Write out all the data again, exactly.

(Beginning of INPUT DATA)

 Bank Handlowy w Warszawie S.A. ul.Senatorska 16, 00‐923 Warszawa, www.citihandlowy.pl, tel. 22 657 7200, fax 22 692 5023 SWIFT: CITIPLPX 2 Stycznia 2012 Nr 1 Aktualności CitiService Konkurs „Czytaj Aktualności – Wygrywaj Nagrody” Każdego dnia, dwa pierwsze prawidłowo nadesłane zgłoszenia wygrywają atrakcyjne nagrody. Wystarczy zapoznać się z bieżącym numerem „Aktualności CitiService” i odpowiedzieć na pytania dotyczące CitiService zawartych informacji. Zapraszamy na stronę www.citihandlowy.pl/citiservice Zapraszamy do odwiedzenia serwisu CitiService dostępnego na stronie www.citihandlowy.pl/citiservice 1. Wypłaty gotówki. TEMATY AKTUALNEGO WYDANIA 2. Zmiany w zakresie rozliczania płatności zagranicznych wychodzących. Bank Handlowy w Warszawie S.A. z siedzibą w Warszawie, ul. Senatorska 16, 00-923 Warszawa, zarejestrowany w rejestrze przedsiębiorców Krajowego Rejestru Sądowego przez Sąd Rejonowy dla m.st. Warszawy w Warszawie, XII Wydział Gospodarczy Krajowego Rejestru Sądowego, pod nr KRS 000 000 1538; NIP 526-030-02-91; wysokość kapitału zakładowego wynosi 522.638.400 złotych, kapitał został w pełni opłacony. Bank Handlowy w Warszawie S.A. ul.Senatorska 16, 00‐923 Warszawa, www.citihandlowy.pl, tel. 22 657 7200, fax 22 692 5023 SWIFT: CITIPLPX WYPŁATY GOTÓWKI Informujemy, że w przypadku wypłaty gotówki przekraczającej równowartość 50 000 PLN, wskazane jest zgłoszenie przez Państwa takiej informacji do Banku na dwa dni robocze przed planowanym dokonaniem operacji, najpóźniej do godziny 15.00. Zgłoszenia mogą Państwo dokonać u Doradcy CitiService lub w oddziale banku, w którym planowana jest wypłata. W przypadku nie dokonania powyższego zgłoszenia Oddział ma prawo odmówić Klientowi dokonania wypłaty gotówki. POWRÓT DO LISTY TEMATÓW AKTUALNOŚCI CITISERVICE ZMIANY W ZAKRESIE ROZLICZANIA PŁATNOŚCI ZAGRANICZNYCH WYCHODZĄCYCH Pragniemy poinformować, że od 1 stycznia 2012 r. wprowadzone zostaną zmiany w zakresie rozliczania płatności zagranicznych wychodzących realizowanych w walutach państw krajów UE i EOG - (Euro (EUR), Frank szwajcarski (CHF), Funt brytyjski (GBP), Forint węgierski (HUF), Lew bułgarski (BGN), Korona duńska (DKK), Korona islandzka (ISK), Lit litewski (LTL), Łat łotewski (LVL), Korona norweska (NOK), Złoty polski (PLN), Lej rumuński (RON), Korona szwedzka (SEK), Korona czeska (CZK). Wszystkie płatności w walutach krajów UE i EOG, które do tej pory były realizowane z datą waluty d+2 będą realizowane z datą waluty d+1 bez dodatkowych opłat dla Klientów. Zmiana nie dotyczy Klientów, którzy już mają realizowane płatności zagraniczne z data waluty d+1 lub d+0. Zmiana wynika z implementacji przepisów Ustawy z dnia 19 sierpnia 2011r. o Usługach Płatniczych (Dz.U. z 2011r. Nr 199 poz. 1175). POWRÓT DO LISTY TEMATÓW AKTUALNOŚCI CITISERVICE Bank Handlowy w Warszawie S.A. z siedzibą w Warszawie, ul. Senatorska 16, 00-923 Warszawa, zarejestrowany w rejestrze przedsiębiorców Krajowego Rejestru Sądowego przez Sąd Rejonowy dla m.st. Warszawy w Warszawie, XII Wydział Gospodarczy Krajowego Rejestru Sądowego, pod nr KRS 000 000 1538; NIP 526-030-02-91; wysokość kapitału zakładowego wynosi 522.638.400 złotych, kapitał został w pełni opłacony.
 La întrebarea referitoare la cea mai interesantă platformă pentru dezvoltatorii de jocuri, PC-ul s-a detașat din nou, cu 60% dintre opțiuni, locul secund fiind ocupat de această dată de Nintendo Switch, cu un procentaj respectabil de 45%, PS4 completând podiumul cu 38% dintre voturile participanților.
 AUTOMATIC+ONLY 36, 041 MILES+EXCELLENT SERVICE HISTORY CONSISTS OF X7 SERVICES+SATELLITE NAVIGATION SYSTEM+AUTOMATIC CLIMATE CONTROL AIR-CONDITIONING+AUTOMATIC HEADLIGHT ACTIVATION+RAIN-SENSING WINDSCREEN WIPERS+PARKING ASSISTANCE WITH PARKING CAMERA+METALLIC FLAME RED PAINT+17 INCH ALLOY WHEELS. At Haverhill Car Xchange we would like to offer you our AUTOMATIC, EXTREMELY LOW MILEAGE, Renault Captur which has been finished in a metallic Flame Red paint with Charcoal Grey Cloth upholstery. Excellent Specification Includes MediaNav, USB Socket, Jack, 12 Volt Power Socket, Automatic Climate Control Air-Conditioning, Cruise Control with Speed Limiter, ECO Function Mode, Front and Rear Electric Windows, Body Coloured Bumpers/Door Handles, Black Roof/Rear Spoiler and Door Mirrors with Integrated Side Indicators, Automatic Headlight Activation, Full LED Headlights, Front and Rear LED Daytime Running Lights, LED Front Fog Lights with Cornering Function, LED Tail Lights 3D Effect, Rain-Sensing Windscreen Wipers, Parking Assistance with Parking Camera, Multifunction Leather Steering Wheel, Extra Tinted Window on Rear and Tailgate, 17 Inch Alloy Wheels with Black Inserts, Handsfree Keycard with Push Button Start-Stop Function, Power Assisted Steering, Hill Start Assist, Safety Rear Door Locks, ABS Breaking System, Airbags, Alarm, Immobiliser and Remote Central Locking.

(End of INPUT DATA)

(RESPONSE TO THE TASK)
 Bank Handlowy w Warszawie S.A. ul.Senatorska 16, 00‐923 Warszawa, www.citihandlowy.pl, tel. 22 657 7200, fax 22 692 5023 SWIFT: CITIPLPX 2 Stycznia 2012 Nr 1 Aktualności CitiService Konkurs „Czytaj Aktualności – Wygrywaj Nagrody” Każdego dnia, dwa pierwsze prawidłowo nadesłane zgłoszenia wygrywają atrakcyjne nagrody. Wystarczy zapoznać się z bieżącym numerem „Aktualności CitiService” i odpowiedzieć na pytania dotyczące CitiService zawartych informacji. Zapraszamy na stronę www.citihandlowy.pl/citiservice Zapraszamy do odwiedzenia serwisu CitiService dostępnego na stronie www.citihandlowy.pl/citiservice 1. Wypłaty gotówki. TEMATY AKTUALNEGO WYDANIA 2. Zmiany w zakresie rozliczania płatności zagranicznych wychodzących. Bank Handlowy w Warszawie S.A. z siedzibą w Warszawie, ul. Senatorska 16, 00-923 Warszawa, zarejestrowany w rejestrze przedsiębiorców Krajowego Rejestru Sądowego przez Sąd Rejonowy dla m.st. Warszawy w Warszawie, XII Wydział Gospodarczy Krajowego Rejestru Sądowego, pod nr KRS 000 000 1538; NIP 526-030-02-91; wysokość kapitału zakładowego wynosi 522.638.400 złotych, kapitał został w pełni opłacony. Bank Handlowy w Warszawie S.A. ul.Senatorska 16, 00‐923 Warszawa, www.citihandlowy.pl, tel. 22 657 7200, fax 22 692 5023 SWIFT: CITIPLPX WYPŁATY GOTÓWKI Informujemy, że w przypadku wypłaty gotówki przekraczającej równowartość 50 000 PLN, wskazane jest zgłoszenie przez Państwa takiej informacji do Banku na dwa dni robocze przed planowanym dokonaniem operacji, najpóźniej do godziny 15.00. Zgłoszenia mogą Państwo dokonać u Doradcy CitiService lub w oddziale banku, w którym planowana jest wypłata. W przypadku nie dokonania powyższego zgłoszenia Oddział ma prawo odmówić Klientowi dokonania wypłaty gotówki. POWRÓT DO LISTY TEMATÓW AKTUALNOŚCI CITISERVICE ZMIANY W ZAKRESIE ROZLICZANIA PŁATNOŚCI ZAGRANICZNYCH WYCHODZĄCYCH Pragniemy poinformować, że od 1 stycznia 2012 r. wprowadzone zostaną zmiany w zakresie rozliczania płatności zagranicznych wychodzących realizowanych w walutach państw krajów UE i EOG - (Euro (EUR), Frank szwajcarski (CHF), Funt brytyjski (GBP), Forint węgierski (HUF), Lew bułgarski (BGN), Korona duńska (DKK), Korona islandzka (ISK), Lit litewski (LTL), Łat łotewski (LVL), Korona norweska (NOK), Złoty polski (PLN), Lej rumuński (RON), Korona szwedzka (SEK), Korona czeska (CZK). Wszystkie płatności w walutach krajów UE i EOG, które do tej pory były realizowane z datą waluty d+2 będą realizowane z datą waluty d+1 bez dodatkowych opłat dla Klientów. Zmiana nie dotyczy Klientów, którzy już mają realizowane płatności zagraniczne z data waluty d+1 lub d+0. Zmiana wynika z implementacji przepisów Ustawy z dnia 19 sierpnia 2011r. o Usługach Płatniczych (Dz.U. z 2011r. Nr 199 poz. 1175). POWRÓT DO LISTY TEMATÓW AKTUALNOŚCI CITISERVICE Bank Handlowy w Warszawie S.A. z siedzibą w Warszawie, ul. Senatorska 16, 00-923 Warszawa, zarejestrowany w rejestrze przedsiębiorców Krajowego Rejestru Sądowego przez Sąd Rejonowy dla m.st. Warszawy w Warszawie, XII Wydział Gospodarczy Krajowego Rejestru Sądowego, pod nr KRS 000 000 1538; NIP 526-030-02-91; wysokość kapitału zakładowego wynosi 522.638.400 złotych, kapitał został w pełni opłacony.
 La întrebarea referitoare la cea mai interesantă platformă pentru dezvoltatorii de jocuri, PC-ul s-a detașat din nou, cu 60% dintre opțiuni, locul secund fiind ocupat de această dată de Nintendo Switch, cu un procentaj respectabil de 45%, PS4 completând podiumul cu 38% dintre voturile participanților.
 AUTOMATIC+ONLY 36, 041 MILES+EXCELLENT SERVICE HISTORY CONSISTS OF X7 SERVICES+SATELLITE NAVIGATION SYSTEM+AUTOMATIC CLIMATE CONTROL AIR-CONDITIONING+AUTOMATIC HEADLIGHT ACTIVATION+RAIN-SENSING WINDSCREEN WIPERS+PARKING ASSISTANCE WITH PARKING CAMERA+METALLIC FLAME RED PAINT+17 INCH ALLOY WHEELS. At Haverhill Car Xchange we would like to offer you our AUTOMATIC, EXTREMELY LOW MILEAGE, Renault Captur which has been finished in a metallic Flame Red paint with Charcoal Grey Cloth upholstery. Excellent Specification Includes MediaNav, USB Socket, Jack, 12 Volt Power Socket, Automatic Climate Control Air-Conditioning, Cruise Control with Speed Limiter, ECO Function Mode, Front and Rear Electric Windows, Body Coloured Bumpers/Door Handles, Black Roof/Rear Spoiler and Door Mirrors with Integrated Side Indicators, Automatic Headlight Activation, Full LED Headlights, Front and Rear LED Daytime Running Lights, LED Front Fog Lights with Cornering Function, LED Tail Lights 3D Effect, Rain-Sensing Windscreen Wipers, Parking Assistance with Parking Camera, Multifunction Leather Steering Wheel, Extra Tinted Window on Rear and Tailgate, 17 Inch Alloy Wheels with Black Inserts, Handsfree Keycard with Push Button Start-Stop Function, Power Assisted Steering, Hill Start Assist, Safety Rear Door Locks, ABS Breaking System, Airbags, Alarm, Immobiliser and Remote Central Locking.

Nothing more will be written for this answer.